Other Justices have financial scandals of their own, as the Brennan Center for Justice found that “​​several justices appear to have exploited their special status, raising important questions about the nature and scope of disclosure laws.” Alito, for one, was ‘gifted’ an Alaskan fishing trip in 2008 by Paul Singer, a hedge fund manager whose company appeared before the Supreme Court 10 times in the following years. Alito never recused himself or disclosed the gift of lodging, transportation, and catering, all of which ran well into the six figures. Justice Gorsuch, after years of struggling to sell his mountain home, had it bought well above market value by Brian Buffy, a law firm CEO whose clients have frequently appeared before the Court, including, controversially, West Virginia v. EPA, which severely kneecapped the administrative state. 

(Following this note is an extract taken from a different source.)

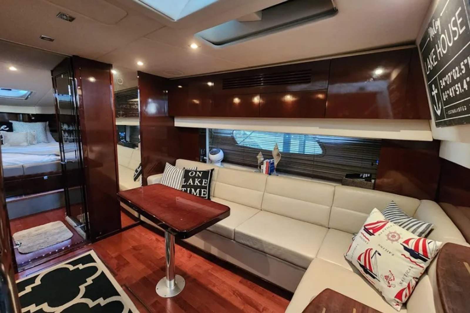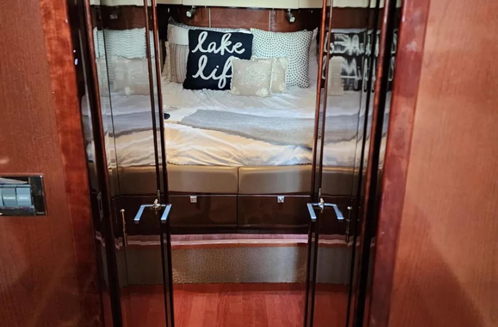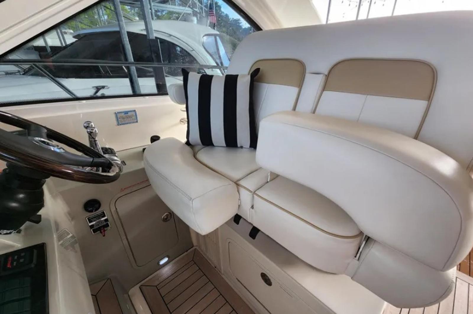 Powered by twin Cummins QSB 480 diesel engines with pod drives, this Sundancer delivers confident performance and remarkable joystick maneuverability, especially in tight spaces or while docking. Both pods have been recently serviced. The engines have approximately 800 hours, and the 15kW Onan generator has around 600 hours, with recent service completed. The boat has also been buffed and waxed on all fiberglass surfaces.

The Justices’ response to these scandalous revelations was their new Code of Conduct, though the Code’s enforcement is still much weaker than any other federal court. Financial disclosures, a primary complaint of ethics scholars and Court critics, were not substantially addressed. Recusals, likewise, have no clear rules or enforcement to encourage more transparency among the Justices. This half-hearted attempt to shift attention from the Court’s myriad scandals is predicated on the idea that these ethical scandals are simply a ‘misunderstanding,’ rather than serious legal and ethical violations. It’s just another veneer of objectivity, not unlike the superficiality of the Justices’ declaration of their unwavering constitutional values, and then casting them aside when they become inconvenient. The Court is not accountable to the public, nor the Constitution, nor to the law. Maybe it’s time to reconsider who should be calling ‘balls and strikes’.